Cette action vient répondre à un défi structurel : le faible taux de mécanisation agricole, encore dominé par les outils manuels. En parallèle, le gouvernement a accéléré la mise en place de centres régionaux de mécanisation agricole et le déploiement de plus de 400 tracteurs, avec pour objectif d’atteindre un taux de mécanisation de 7 %.
Souveraineté semencière et agroécologie
La question des semences a occupé une place centrale en 2025. À Niamtougou, la 4ᵉ édition de la Foire Ouest Africaine des Semences Paysannes a rassemblé près de 600 participants venus de plus de 30 pays. La Déclaration de Niamtougou a consacré un engagement fort en faveur de la préservation, de la valorisation et de la protection des semences paysannes, considérées comme un pilier de la souveraineté alimentaire et de la résilience climatique.
Recherche, transformation et chaînes de valeur locales
Le Togo a renforcé sa coopération avec des institutions de recherche telles que l’IITA et AfricaRice, qui ont mis à disposition 29 machines de transformation du manioc et du riz. Ces équipements contribuent à améliorer la transformation locale, réduire les pertes post-récolte et créer davantage de valeur ajoutée pour les producteurs.
Femmes, coopératives et économie verte en lumière
L’année 2025 a également consacré la montée en puissance des femmes dans l’agriculture et l’entrepreneuriat vert. Le TROFEDEV 2025 a distingué des initiatives innovantes dans l’agriculture durable, la transformation agroalimentaire, le recyclage et l’économie circulaire. Cette compétition illustre le rôle central des femmes dans la transition écologique et la création d’emplois. La célébration de l’Année internationale des coopératives est aussi venue rappeler l’importance de l’organisation collective pour renforcer l’accès aux marchés, aux financements et aux innovations.

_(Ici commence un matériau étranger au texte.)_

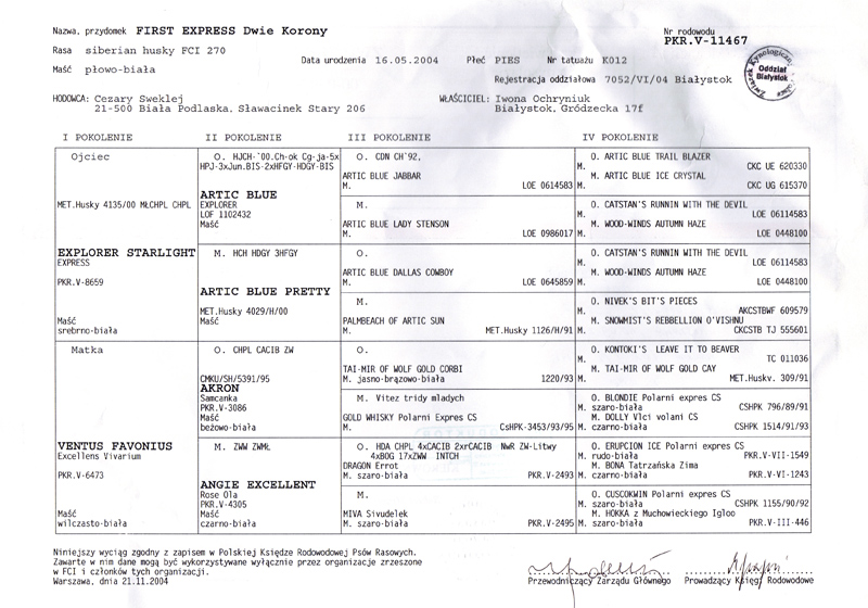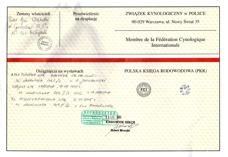 Rodowód str. 1  Rodowód str. 2

Une vitrine internationale pour le secteur agricole togolais
La 12ᵉ édition du Salon International de l’Agriculture et de l’Agroalimentaire (SIALO 2025) à Lomé a offert une vitrine aux produits locaux, aux innovations et aux opportunités d’investissement, consolidant la visibilité du secteur à l’échelle nationale et régionale.
Un cap clairement tracé pour l’avenir
En 2025, le Togo a posé des bases solides pour une agriculture plus moderne, résiliente et inclusive. Entre politiques publiques affirmées, appui aux petits producteurs, innovation technologique, souveraineté semencière et valorisation des acteurs locaux, le secteur agricole confirme son rôle de moteur du développement. Une dynamique est désormais enclenchée, avec une ambition claire. Il s’agit de faire de l’agriculture togolaise un pilier durable de la souveraineté alimentaire et de la croissance économique, un véritable levier de transformation économique, sociale et environnementale.